#### Data provided
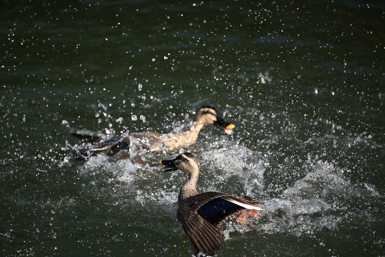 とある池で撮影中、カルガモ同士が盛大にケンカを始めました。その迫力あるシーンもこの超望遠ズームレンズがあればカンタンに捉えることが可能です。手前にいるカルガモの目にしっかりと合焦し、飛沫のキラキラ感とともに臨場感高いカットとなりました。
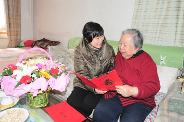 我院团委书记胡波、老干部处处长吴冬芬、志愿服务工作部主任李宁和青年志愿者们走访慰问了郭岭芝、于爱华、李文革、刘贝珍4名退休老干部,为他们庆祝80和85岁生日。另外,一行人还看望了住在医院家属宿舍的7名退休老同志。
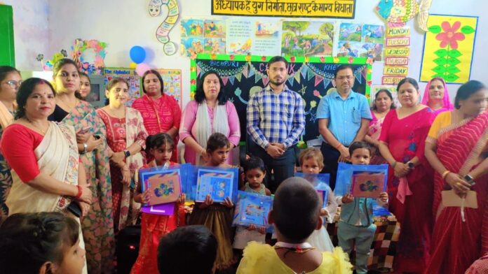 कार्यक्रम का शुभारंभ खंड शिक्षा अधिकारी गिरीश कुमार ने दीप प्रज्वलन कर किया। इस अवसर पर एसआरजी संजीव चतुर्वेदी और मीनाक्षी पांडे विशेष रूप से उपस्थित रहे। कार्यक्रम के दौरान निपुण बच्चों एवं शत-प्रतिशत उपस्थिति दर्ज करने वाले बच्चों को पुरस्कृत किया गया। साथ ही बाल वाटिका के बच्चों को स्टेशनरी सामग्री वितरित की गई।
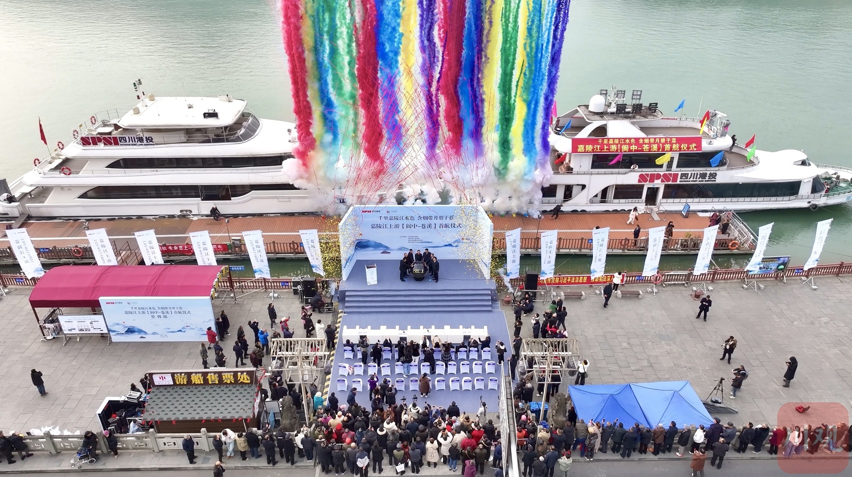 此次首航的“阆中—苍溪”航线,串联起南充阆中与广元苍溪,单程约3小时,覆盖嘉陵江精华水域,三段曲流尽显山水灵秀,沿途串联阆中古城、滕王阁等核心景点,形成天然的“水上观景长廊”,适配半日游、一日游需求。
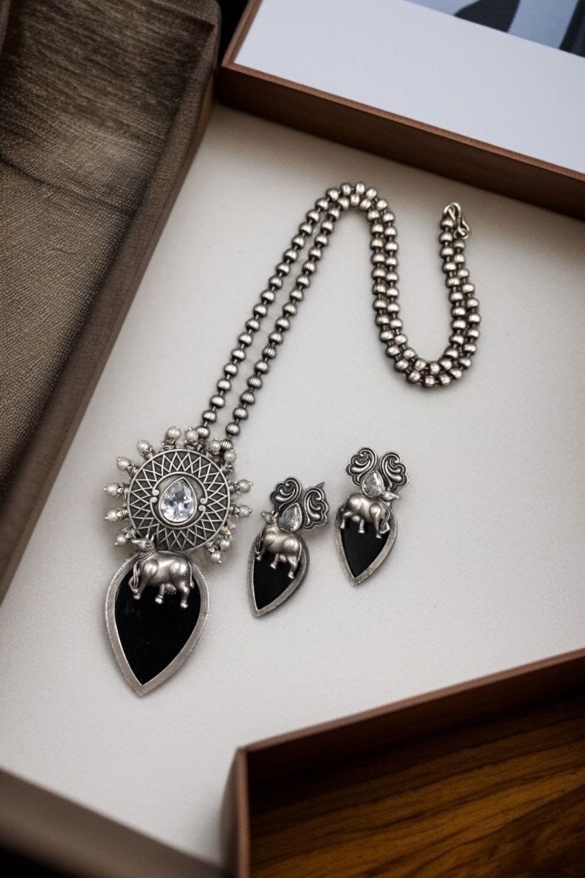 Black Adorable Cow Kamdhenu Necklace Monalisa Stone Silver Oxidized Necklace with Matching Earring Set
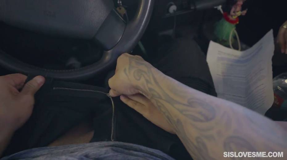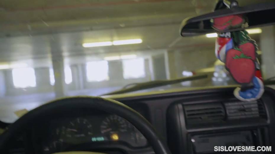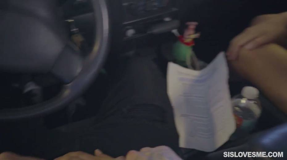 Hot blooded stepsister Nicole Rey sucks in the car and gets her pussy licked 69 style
########
#### Data provided
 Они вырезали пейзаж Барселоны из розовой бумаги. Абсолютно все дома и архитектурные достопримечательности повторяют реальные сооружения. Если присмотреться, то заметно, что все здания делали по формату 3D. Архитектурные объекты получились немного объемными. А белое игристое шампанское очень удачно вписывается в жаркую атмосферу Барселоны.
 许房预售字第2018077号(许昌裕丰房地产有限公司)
########
Write back the stretch of lines above that begins with the line holding "とある池で撮影中、カルガモ同" and ends with the line holding "Hot blooded stepsister", both included, exactly as written. Pictures stay out.

### Exercise answer
 とある池で撮影中、カルガモ同士が盛大にケンカを始めました。その迫力あるシーンもこの超望遠ズームレンズがあればカンタンに捉えることが可能です。手前にいるカルガモの目にしっかりと合焦し、飛沫のキラキラ感とともに臨場感高いカットとなりました。
 我院团委书记胡波、老干部处处长吴冬芬、志愿服务工作部主任李宁和青年志愿者们走访慰问了郭岭芝、于爱华、李文革、刘贝珍4名退休老干部,为他们庆祝80和85岁生日。另外,一行人还看望了住在医院家属宿舍的7名退休老同志。
 कार्यक्रम का शुभारंभ खंड शिक्षा अधिकारी गिरीश कुमार ने दीप प्रज्वलन कर किया। इस अवसर पर एसआरजी संजीव चतुर्वेदी और मीनाक्षी पांडे विशेष रूप से उपस्थित रहे। कार्यक्रम के दौरान निपुण बच्चों एवं शत-प्रतिशत उपस्थिति दर्ज करने वाले बच्चों को पुरस्कृत किया गया। साथ ही बाल वाटिका के बच्चों को स्टेशनरी सामग्री वितरित की गई।
 此次首航的“阆中—苍溪”航线,串联起南充阆中与广元苍溪,单程约3小时,覆盖嘉陵江精华水域,三段曲流尽显山水灵秀,沿途串联阆中古城、滕王阁等核心景点,形成天然的“水上观景长廊”,适配半日游、一日游需求。
 Black Adorable Cow Kamdhenu Necklace Monalisa Stone Silver Oxidized Necklace with Matching Earring Set
 Hot blooded stepsister Nicole Rey sucks in the car and gets her pussy licked 69 style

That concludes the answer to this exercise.